HADOOP IS THE SOLUTION
Have you ever think how much data companies receive per data. i am mainly referring to companies like Facebook, google, twitter, banks, etc who receives tonnes of data per day. let me show you some statistics
1. Google gets over 3.5 billion searches daily
2. Whats App users exchange up to 65 billion messages daily.
3. Internet users generate about 2.5 Quintilian bytes of data each day
4. In 2019, there are 2.3 billion active Facebook users, and they generate a lot of data.
5. Twitter users send over half a million tweets every minute.
(search google for more amazing statistics)
This is known as big data problem
Now the main thing comes
Have you ever tried to open a file of 10gb only? how much time it takes to open? if you hadn’t try then do it today. don’t have a file so much big?then make your own. its easy to make in Linux!
My PC took about a minute! if i have a petabyte size file how much time it will take to open? how much time should FB take to show you a post which is in a file of this much size ? Theoretically it should take years. similarly when you search something on google this should happen.
But real fact is that if it take more than 5 seconds you will never be using google, Facebook, etc !
so, can you imagine how Facebook or google opens petabytes of file in seconds?
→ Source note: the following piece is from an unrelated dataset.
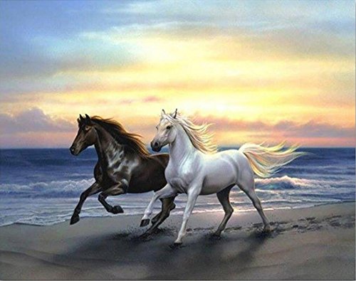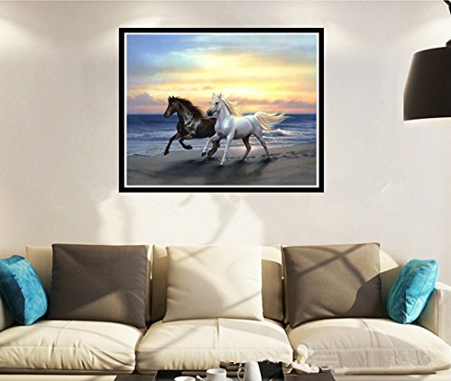 21secret 5D Diamond Diy Painting Full Drill Handmade Two Steed Horses Running by the Sea Cross Stitch Home Decor Embroidery Kit

Here comes the concept of distributed storage cluster or distributed file system and to implement it we use a tool known as hadoop.
In very simple terms →Hadoop breaks a file into pieces and sends it to different servers(or laptops or hard disk) and since every system has its own speed of storing or reading we get speed 10 times if we are using 10 servers and so on.
Example- if we have a file of 10gb and our server has speed of 1gb/minute then it will take 10 minutes to store or read. but if we send the same file parallel to 10 servers then it would take only 1 minute! And this can be achieved by hadoop which connects lots of servers through network(known as cluster). This type of architecture or topology is famously known as master-slave architecture.
For transferring data between nodes HDFS (hadoop distributed file system) protocol is used.
Hadoop File System was developed using distributed file system design. It is run on commodity hardware. Unlike other distributed systems, HDFS is highly faulttolerant and designed using low-cost hardware.
HDFS holds very large amount of data and provides easier access. To store such huge data, the files are stored across multiple machines. These files are stored in redundant fashion to rescue the system from possible data losses in case of failure. HDFS also makes applications available to parallel processing.
Features of HDFS
- It is suitable for the distributed storage and processing.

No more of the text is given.